The legality of the internment order was upheld by the Supreme Court of the United States in Korematsu v. United States; this ruling has never been explicitly overturned. Korematsu’s conviction for evading internment was overturned decades later after the disclosure of new evidence challenging the necessity of the internment, evidence which had been withheld from the courts by the U.S. government during the war.

To commemorate his journey as a civil rights activist posthumously, “Fred Korematsu Day of Civil Liberties and the Constitution” was observed for the first time on his 92nd birthday, January 30, 2011, by the state of California, the first such commemoration for an Asian American in the United States. In 2015, Virginia passed legislation to make it the second state and first commonwealth to permanently recognize each January 30 as Fred Korematsu Day.

To remind us about his fight for civil rights, here are 29 quotes from Fred Korematsu. Enjoy.

Fred Korematsu Quotes

1) If you have the feeling that something is wrong, don’t be afraid to speak up.

2) I was just living my life, and that’s what I wanted to do.

3) It may take time to prove you’re right, but you have to stick to it.

4) I thought what the military was doing was unconstitutional.

5) All of them turned their backs on me at that time because they thought I was a troublemaker.


6) Every day in school, we said the pledge to the flag, ‘with liberty and justice for all,’ and I believed all that.

7) As long as my record stands in federal court, any American citizen can be held in prison or concentration camps without a trial or a hearing.

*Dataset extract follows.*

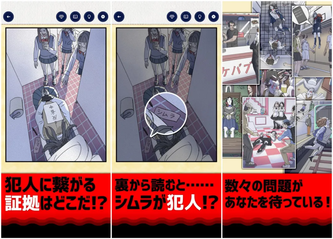 这款游戏的整体设计画风偏向暗黑风,为营造神秘的氛围,整体的背景画风都略显阴暗,每个角色的肤色、发色都形容枯槁。不过场景下面却以鲜艳的红色作为底色,黑白的提示大字,使得整体有着强烈的视觉冲击力,色彩使用大胆的同时却丝毫不突兀。而且作为一款推理游戏,玩家们需要在3分钟时间内找到案发现场发现的线索,再进行推理完成不同的关卡任务,这样争分夺秒的刺激感,推理沉浸感和体验感大大的提升。
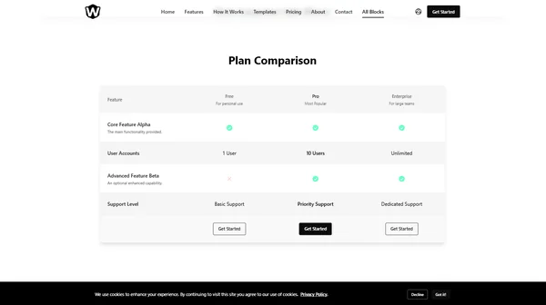 - Interactive UI Elements: Several components are enhanced with Alpine.js, including a functional FAQ accordion, a cookie consent banner, and an image gallery with a lightbox.

8) One person can make a difference, even if it takes forty years.

9) I was an American citizen, and I had as many rights as anyone else.

10) I still remember, 40 years ago, when I was shackled and put in prison… Being an American citizen didn’t mean a thing.

11) I lost everything when they put us in prison. I was an enemy alien, a man without a country.

12) I didn’t think that the government would go as far as to include American citizens to be interned without a hearing

13) If anyone should do any pardoning. I should be the one pardoning the government for what they did to the Japanese-American people.

14) I was very upset because I did not have a fair trial to prove my loyalty to this country.

15) I don’t even know how it is to have a home. I feel like an orphan or something.

16) I was really upset because I was branded as an enemy alien when I’m an American.

17) I was born in the U.S. This is my country.

18) I’m Asian, so they assumed I’m not an American and that I come from Japan. Restaurants would refuse to serve me, and places would refuse to give you a haircut.

19) As a citizen of the United States, I am ready, willing, and able to bear arms for this country.

20) That was it – I lost my job… I was very discouraged. I wanted to be in defense work… I’m an American, and I have nothin’ to do with Japan, and so it’s sort of an insult to me.

21) It takes a lot of money to hire an attorney.

22) I was the third son, and the family tradition was my dad always favored the oldest child.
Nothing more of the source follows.